Fig. 2: Patterns of the simulation study.

a True log-scale mean expression levels for each cell type α + β. Each row represents a gene, and each column corresponds to a cell type. The intrinsic genes that are differentially expressed between cell types can have high, medium high, median low or low expression levels. b True batch effects. Each row represents a gene, and each column corresponds to a batch. c True underlying expression levels X. Each row represents a gene, and each column corresponds to a cell. The upper color bar indicates the batches, and the lower color bar represents the cell types. There are a total of 3000 genes.

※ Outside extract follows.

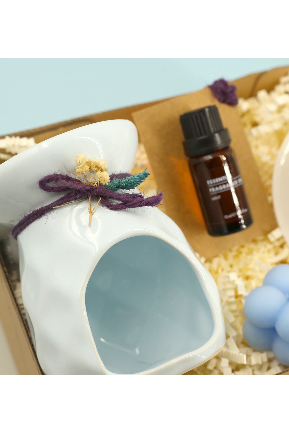 PRODUCT CONTENT Personalized Name Printed Cup *Your gift will be personalized with the name you want written on the cup. *Product Dimensions are 6 cm x 5.5 cm. *You should not throw the printed cup into the dishwasher. Otherwise, the print may come off. It is recommended to wash by hand. *Your cup is sent in its own box. ***After placing your order, you must share the name you want written on the cup with your order number in the message section. Pineapple Design Blue Incense Burner Thanks to the tealight candle placed at the bottom of the incense burner made of glazed ceramic, the incense oils placed in the upper chamber slowly heat up and help to change the atmosphere of the environment with the candle light emitted from the motifs on the incense. Produced to be resistant to high temperatures, the Pineapple Ceramic Incense Burner can be used in all kinds of decor with its stylish design. *Censer dimensions: 11 cm x .5 cm. Censer Essence is used to give a pleasant scent to the environment. Add a few drops of the product into the water you added to the censer bowl. You can spread the scent around by lighting a tealight candle at the bottom of the censer. *Pattern: Sandalwood, Mint, Orange * Size: 10 ml Collection *Theme: Natural *Product Composition: Essential Fragrance Oil Material **One of the Sandalwood, Mint, Orange scents will be sent depending on stock availability. * Bubble Wax Material: Paraffin. *Candle is 3.5cm

The sample sizes for each batch are 300, 300, 200, and 200, respectively. d The simulated observed data Y. The overall dropout rate is 27.3%, whereas the overall zero rate is 50.8%. e The BIC plot. The BIC attains the minimum at K = 5, identifying the true cell type number. f The estimated log-scale mean expression levels for each cell type \(\widehat{{\boldsymbol{\alpha }}}+\widehat{{\boldsymbol{\beta }}}\). g Estimated batch effects. h Imputed expression levels \(\widehat{{\bf{X}}}\). i Corrected count data \(\widetilde{{\bf{X}}}\) grouped by batches. j Scatter plot of the estimated versus the true cell-specific size factors.